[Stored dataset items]
Segment Open
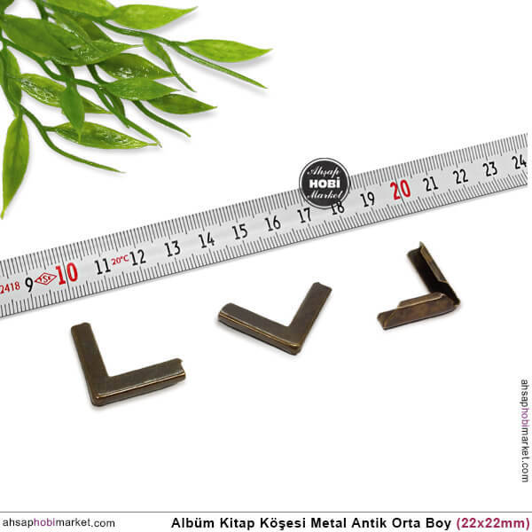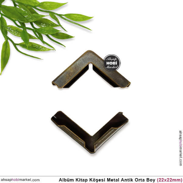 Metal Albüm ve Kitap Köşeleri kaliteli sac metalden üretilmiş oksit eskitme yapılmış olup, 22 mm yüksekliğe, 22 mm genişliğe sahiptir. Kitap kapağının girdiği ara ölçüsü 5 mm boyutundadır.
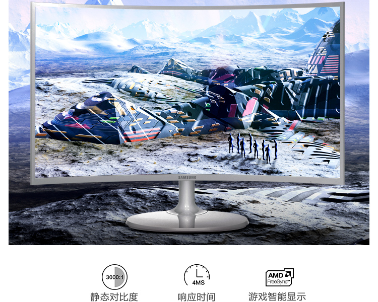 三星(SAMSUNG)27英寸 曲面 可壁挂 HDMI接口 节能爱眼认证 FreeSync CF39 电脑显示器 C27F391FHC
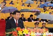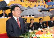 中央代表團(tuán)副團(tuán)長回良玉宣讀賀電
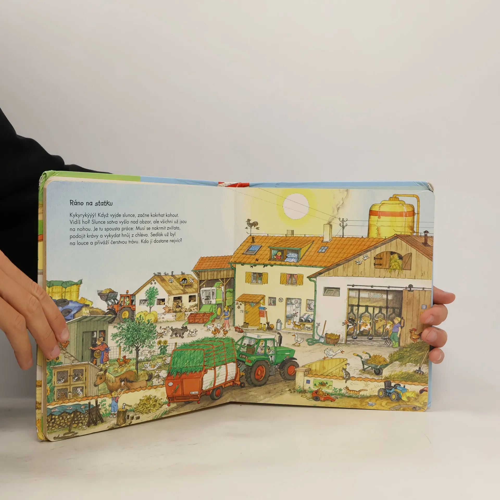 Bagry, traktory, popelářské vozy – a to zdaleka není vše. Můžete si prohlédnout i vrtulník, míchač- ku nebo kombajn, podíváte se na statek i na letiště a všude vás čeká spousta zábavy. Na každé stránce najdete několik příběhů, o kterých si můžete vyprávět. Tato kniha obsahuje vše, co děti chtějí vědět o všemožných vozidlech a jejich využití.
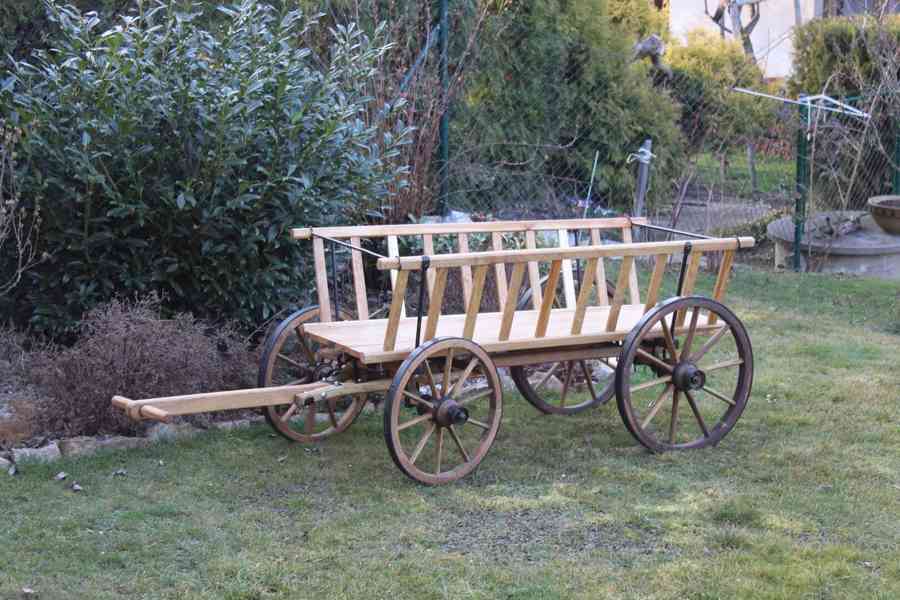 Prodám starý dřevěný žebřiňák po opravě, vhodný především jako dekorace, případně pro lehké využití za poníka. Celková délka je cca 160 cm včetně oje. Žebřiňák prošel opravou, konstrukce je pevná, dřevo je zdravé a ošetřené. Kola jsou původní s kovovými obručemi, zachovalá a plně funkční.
Segment Closed
*TASK DETAILS*
Transcribe the entries above verbatim, omitting their pictures.

*WRITTEN SOLUTION*
 Metal Albüm ve Kitap Köşeleri kaliteli sac metalden üretilmiş oksit eskitme yapılmış olup, 22 mm yüksekliğe, 22 mm genişliğe sahiptir. Kitap kapağının girdiği ara ölçüsü 5 mm boyutundadır.
 三星(SAMSUNG)27英寸 曲面 可壁挂 HDMI接口 节能爱眼认证 FreeSync CF39 电脑显示器 C27F391FHC
 中央代表團(tuán)副團(tuán)長回良玉宣讀賀電
 Bagry, traktory, popelářské vozy – a to zdaleka není vše. Můžete si prohlédnout i vrtulník, míchač- ku nebo kombajn, podíváte se na statek i na letiště a všude vás čeká spousta zábavy. Na každé stránce najdete několik příběhů, o kterých si můžete vyprávět. Tato kniha obsahuje vše, co děti chtějí vědět o všemožných vozidlech a jejich využití.
 Prodám starý dřevěný žebřiňák po opravě, vhodný především jako dekorace, případně pro lehké využití za poníka. Celková délka je cca 160 cm včetně oje. Žebřiňák prošel opravou, konstrukce je pevná, dřevo je zdravé a ošetřené. Kola jsou původní s kovovými obručemi, zachovalá a plně funkční.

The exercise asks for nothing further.